Rethinking privacy law

Several panels explored new approaches to privacy regulation. For example, the University of Amsterdam’s Institute for Information Law (IViR) organized a panel on Privacy by Analogy that considered the ways in which copyright law, environmental law, consumer protection law and financial regulation are similar to privacy law, and the lessons that these other fields can provide for the emerging field of privacy regulation. Another panel on EU Data Protection Reform discussed the current state of the General Data Protection Regulation, the issues that remain to be resolved, and the likely future of this major re-boot of European data protection law.

Strategic insights

U.S. companies and others can draw a number of useful conclusions from the conference proceedings:

  • Cross-border transfers of personal data are becoming increasingly ubiquitous and essential to business, yet remain legally problematic. The largest companies have developed Binding Corporate Rules and other means to facilitate these global data flows.
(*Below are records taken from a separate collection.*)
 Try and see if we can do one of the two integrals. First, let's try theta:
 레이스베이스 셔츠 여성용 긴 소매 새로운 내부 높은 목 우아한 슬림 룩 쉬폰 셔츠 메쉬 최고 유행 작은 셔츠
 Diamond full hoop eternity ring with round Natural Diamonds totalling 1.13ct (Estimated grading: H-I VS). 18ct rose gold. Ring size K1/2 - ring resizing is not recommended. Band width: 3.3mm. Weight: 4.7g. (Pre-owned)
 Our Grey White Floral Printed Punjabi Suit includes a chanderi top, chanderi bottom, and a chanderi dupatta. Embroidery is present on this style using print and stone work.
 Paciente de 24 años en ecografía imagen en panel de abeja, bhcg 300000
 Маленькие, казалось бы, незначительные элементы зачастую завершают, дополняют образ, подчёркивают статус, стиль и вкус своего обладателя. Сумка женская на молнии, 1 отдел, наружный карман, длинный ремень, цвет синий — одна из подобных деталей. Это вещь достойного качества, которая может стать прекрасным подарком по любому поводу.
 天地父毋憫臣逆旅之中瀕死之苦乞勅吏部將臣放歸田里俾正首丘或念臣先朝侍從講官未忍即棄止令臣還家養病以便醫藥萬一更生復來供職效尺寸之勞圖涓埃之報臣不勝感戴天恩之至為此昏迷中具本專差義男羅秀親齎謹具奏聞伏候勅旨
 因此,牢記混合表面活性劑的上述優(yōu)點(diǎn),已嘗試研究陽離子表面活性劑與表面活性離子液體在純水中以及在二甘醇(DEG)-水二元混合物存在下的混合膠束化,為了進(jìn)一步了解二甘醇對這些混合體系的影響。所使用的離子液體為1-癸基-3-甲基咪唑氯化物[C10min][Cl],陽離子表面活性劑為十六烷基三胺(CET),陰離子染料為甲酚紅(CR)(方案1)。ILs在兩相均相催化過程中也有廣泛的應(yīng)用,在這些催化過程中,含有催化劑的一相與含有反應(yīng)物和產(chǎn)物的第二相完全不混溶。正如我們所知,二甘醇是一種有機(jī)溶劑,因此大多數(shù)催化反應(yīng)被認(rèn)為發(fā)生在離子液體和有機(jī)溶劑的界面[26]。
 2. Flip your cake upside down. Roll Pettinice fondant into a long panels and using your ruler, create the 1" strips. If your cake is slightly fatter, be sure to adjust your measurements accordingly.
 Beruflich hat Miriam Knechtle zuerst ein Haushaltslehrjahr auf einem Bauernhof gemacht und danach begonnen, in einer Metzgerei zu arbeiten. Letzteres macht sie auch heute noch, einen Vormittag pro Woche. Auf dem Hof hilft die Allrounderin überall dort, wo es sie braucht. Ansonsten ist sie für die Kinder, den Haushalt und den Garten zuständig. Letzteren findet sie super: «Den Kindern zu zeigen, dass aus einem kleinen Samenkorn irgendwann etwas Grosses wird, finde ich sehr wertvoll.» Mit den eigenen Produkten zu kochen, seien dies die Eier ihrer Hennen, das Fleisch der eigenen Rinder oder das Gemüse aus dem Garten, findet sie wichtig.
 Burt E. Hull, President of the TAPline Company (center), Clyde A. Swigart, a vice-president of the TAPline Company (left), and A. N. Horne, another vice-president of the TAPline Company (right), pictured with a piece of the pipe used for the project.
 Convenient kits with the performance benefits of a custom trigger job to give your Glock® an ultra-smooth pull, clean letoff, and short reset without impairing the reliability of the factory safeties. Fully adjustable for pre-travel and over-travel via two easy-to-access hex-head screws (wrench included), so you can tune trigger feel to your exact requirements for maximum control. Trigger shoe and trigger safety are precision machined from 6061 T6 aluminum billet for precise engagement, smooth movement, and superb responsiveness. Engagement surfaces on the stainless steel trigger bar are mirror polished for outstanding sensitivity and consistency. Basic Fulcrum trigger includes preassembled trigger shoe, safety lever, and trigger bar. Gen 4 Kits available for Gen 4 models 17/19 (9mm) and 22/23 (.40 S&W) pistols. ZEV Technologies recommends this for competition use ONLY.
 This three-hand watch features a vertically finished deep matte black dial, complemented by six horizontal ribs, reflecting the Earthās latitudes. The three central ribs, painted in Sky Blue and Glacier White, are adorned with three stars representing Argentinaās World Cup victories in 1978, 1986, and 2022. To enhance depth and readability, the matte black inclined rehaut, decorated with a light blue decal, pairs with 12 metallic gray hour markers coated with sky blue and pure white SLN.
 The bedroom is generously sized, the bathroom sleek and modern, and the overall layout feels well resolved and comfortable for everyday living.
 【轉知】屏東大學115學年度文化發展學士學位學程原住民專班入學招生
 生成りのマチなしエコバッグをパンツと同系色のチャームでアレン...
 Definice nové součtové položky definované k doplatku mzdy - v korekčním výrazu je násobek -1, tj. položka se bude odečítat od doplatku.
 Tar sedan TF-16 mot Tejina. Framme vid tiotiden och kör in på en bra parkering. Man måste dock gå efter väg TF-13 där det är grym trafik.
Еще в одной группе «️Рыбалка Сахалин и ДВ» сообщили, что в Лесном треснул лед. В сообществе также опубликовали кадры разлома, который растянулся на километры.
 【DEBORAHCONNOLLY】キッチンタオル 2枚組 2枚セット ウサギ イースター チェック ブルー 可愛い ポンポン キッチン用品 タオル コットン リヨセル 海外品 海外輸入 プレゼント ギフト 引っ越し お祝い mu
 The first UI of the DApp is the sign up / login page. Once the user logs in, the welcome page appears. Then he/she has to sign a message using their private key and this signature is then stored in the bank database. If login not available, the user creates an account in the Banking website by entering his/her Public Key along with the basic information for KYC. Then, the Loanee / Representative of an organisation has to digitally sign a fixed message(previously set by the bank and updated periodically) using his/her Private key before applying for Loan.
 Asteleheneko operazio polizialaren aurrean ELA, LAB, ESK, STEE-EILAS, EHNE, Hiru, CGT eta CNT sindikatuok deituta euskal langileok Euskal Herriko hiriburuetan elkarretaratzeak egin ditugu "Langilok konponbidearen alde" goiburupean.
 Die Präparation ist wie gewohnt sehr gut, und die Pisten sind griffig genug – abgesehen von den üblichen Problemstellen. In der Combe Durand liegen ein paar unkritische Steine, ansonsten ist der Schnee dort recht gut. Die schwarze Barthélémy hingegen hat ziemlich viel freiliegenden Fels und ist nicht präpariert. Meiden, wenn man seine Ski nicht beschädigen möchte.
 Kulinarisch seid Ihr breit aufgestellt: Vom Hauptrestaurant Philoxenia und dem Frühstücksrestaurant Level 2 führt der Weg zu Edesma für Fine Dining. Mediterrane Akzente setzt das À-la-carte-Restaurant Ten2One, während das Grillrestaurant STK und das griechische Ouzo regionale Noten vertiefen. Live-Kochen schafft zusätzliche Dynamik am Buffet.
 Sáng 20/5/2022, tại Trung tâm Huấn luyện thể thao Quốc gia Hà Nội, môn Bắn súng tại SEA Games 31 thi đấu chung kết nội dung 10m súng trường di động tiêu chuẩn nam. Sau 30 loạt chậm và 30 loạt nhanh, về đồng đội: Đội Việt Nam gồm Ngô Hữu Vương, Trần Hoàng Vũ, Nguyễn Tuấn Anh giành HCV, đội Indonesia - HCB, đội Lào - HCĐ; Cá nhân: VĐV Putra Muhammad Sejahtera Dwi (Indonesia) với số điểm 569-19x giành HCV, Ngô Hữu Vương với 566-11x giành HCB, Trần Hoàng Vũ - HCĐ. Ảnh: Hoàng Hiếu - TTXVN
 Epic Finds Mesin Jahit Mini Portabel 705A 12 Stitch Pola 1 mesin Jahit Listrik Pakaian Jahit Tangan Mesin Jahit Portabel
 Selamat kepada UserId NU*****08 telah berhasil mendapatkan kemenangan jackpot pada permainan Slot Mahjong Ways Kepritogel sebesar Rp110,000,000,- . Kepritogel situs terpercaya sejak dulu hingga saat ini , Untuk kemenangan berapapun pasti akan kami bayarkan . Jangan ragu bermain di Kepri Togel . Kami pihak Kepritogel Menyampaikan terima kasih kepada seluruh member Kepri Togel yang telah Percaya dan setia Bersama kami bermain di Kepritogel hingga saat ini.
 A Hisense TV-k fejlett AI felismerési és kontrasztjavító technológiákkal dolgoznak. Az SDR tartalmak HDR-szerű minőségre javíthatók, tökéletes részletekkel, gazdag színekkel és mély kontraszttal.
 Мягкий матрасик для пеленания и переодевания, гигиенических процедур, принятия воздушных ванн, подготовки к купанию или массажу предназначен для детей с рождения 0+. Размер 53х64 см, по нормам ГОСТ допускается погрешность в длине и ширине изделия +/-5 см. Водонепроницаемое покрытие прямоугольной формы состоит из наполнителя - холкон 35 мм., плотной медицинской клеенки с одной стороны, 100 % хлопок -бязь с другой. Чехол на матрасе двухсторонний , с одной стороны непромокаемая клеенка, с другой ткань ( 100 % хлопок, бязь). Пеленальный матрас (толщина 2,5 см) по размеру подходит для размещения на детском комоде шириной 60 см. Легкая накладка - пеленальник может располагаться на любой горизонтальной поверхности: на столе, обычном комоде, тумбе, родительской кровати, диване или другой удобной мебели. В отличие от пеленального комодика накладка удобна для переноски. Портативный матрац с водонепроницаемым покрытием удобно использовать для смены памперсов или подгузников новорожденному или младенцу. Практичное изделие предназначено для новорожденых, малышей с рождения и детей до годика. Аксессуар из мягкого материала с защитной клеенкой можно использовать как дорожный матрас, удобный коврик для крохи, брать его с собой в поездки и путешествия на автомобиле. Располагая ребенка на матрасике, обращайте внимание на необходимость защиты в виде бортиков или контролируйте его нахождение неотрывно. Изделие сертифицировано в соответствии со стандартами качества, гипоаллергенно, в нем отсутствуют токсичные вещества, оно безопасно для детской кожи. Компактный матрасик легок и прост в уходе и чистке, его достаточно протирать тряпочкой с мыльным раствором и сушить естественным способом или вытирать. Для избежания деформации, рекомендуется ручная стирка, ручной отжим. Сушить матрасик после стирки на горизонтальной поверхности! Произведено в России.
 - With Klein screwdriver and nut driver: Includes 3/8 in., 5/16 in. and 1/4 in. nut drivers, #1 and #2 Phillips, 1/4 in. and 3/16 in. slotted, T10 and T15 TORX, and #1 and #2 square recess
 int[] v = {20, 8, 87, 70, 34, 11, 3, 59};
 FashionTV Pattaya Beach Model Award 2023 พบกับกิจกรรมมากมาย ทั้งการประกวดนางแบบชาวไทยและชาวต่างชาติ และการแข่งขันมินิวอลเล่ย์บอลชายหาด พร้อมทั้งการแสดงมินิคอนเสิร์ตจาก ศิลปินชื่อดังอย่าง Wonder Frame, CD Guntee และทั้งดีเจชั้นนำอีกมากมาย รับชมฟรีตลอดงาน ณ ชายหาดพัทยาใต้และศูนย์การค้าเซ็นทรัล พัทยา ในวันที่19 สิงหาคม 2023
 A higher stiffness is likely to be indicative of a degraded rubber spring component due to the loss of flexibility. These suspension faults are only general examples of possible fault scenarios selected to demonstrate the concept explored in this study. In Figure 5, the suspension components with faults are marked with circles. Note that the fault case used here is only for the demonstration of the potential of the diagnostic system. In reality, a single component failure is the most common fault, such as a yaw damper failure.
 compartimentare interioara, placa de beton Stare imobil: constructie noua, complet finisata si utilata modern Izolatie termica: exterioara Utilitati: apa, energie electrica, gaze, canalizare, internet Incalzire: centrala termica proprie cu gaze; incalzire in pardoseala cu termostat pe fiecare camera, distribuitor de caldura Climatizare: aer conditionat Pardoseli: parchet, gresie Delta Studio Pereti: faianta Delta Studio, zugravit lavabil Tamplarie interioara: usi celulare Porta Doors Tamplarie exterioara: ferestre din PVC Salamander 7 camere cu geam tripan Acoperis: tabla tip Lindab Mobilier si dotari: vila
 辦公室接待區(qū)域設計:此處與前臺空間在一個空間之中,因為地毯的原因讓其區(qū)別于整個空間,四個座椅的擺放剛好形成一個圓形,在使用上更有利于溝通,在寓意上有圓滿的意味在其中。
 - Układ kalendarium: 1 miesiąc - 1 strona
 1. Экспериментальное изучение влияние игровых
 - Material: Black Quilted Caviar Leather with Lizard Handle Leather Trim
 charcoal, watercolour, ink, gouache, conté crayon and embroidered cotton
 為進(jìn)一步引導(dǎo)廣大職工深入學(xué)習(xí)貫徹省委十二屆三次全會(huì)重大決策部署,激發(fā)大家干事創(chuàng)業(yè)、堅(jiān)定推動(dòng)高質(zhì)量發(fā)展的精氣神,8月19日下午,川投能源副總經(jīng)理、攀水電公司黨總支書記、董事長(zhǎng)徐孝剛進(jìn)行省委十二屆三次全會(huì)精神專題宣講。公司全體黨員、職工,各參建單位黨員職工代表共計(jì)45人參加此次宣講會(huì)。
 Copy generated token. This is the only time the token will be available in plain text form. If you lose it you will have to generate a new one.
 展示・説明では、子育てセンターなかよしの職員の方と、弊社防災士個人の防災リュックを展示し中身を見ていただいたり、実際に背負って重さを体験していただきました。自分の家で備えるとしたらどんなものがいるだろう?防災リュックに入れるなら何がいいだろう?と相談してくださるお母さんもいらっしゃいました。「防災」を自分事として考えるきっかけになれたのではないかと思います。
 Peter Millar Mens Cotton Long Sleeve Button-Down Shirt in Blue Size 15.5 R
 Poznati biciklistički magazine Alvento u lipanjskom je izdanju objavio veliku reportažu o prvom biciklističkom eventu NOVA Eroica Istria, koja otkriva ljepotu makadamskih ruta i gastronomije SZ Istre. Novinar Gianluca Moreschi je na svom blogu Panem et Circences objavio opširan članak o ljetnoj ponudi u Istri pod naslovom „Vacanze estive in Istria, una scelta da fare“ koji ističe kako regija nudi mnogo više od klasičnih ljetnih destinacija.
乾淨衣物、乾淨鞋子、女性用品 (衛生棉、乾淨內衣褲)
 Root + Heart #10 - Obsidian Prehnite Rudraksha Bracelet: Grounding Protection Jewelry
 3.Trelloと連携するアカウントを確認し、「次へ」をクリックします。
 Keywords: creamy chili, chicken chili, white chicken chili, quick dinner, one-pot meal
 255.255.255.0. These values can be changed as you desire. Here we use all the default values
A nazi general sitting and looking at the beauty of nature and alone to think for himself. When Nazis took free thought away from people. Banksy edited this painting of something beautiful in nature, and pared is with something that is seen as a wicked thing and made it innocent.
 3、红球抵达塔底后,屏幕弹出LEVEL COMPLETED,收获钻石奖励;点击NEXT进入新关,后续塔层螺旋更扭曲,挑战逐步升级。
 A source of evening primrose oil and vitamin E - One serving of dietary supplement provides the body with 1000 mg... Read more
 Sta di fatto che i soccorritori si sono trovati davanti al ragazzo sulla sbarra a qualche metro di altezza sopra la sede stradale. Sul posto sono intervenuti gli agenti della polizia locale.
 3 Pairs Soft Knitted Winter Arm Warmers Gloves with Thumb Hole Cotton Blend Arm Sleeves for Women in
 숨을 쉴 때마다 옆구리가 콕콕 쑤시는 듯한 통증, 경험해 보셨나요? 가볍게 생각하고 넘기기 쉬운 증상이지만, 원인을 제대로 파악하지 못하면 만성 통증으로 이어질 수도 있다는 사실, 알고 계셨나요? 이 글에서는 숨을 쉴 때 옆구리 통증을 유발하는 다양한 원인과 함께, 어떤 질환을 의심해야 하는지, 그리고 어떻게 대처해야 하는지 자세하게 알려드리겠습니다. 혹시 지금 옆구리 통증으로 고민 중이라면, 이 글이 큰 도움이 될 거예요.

Fewer solutions have emerged for mid-sized companies. Such companies need to be aware if the various mechanisms that do exist and how they can best use them.
  • The major revision to European data protection regulation — the General Data Protection Regulation (GDPR) — is coming and will likely arrive in 2016. As currently formulated, the GDPR includes both much larger penalties and extraterritorial jurisdiction that may reach U.S. companies. This is a potent combination. American companies that market to Europeans or otherwise use their personal information need to be fully aware of, and prepared for, this significant development. The Snowden revelations remain raw and unresolved. This, combined with the forthcoming GDPR, puts the U.S.-EU Safe Harbor Agreement on more tenuous footing. Companies that rely on the Safe Harbor must remain aware of these developments to plan wisely for the future.
  • Big data promises tremendous benefits; however, conference speakers highlighted concerns about its potential privacy and discriminatory impacts. Companies that trigger such concerns could suffer damage to brand and consumer trust — a situation that Target has already experienced, and that other companies will not want to repeat. Businesses that want to achieve big data’s value will need to be aware of these risks and develop a proactive framework for mitigating them.
  • Enhanced privacy performance can, in some instances, yield a competitive advantage. This is a new strategy that is only beginning to come into focus. The CPDP panels on this topic suggest that some businesses are successfully employing it. Innovative companies need to look for these opportunities and seize them where they exist.